Very nice bottle you have there! It seems that you have pretty well answered most of your own questions, but if memory serves, those bottles were sold exclusively to spectators at the Wild West Shows (and probably returned when empty), so the historical/collector interest for that piece is quite high. I think they are 100-200 dollar bottles, perhaps more.
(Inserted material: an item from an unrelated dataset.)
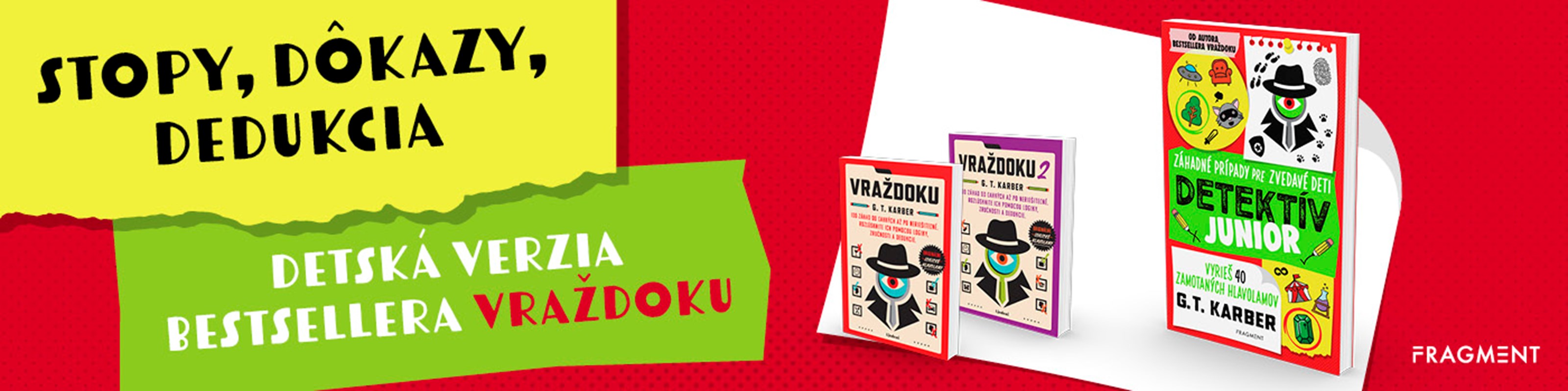 Bestseller Vraždoku prichádza v detskej verzii. Kniha Detektív junior: Záhadné prípady pre zvedavé deti prináša štyridsať záhad plných šifier, bludísk, tipov a spoľahlivých dedukčných mriežok, ktoré sú náročnosťou prispôsobené mladším ročníkom. Za všetkým stojí autor Vraždoku G. T. Karber a upozorňujeme, že kniha je nebezpečne návyková!

Hopefully some resident soda experts can offer you some better information.


----------



## TJSJHART (Jan 12, 2013)

A PIC WOULD BE INTERESTING...I'D LIKE A LOOK SEE.


----------



## frozenmonkeyface (Jan 15, 2013)

ditto


----------



## RocketRay (Sep 3, 2015)

Sorry for the delay, I just found this forum and tripped over your thread...I also have one of these I found at a flea market about 20 years ago and it took quite a while to find out about it:It was a deal between the Two Bills & Vin Fiz (of Armour Meat Packing) to market the grape soda for publicity at their shows.  It was sold off a large horse-drawn wagon in the year 1913 only, which proved to be ill-fated for both the soda and the show.  There was a Vin-Fiz ad in the super-rare 1913 Buffalo Bill Pawnee Bill magazine and review, but I've always missed them when they come up for sale.  In 20 years, I've only heard of four examples: mine, yours, one that sold on Ebay in 2007 to a museum for $5,560 and one that sold in 2009 at Jackson Auctions in Cedar Falls, IA for around $300.If you still have it, I recommend Ebay for selling due to the much larger audienceIncidently, they say Vin Fiz failed immediately because the syrup went rancid as it was distributed and the soda jerks kept mixing it anyway because it was a new drink and no one knew what it was supposed to taste like... Too bad!Cheers


----------



## westKYdigger (Sep 3, 2015)

Would love to see a picture.


----------



## RocketRay (Sep 4, 2015)

Borrowed this pic from the web, but mine is the same minus the emboss painting.Tim


----------



## RocketRay (Sep 4, 2015)

This was the catalog photo for the example sold at the Iowa auction.


----------



## nhpharm (Sep 4, 2015)

I have an amber figural gun with a label for Buffalo Bill's Bay Rum.  Patent date of 1888 and I believe put out by Tappan but I'll have to pull it out and look.


----------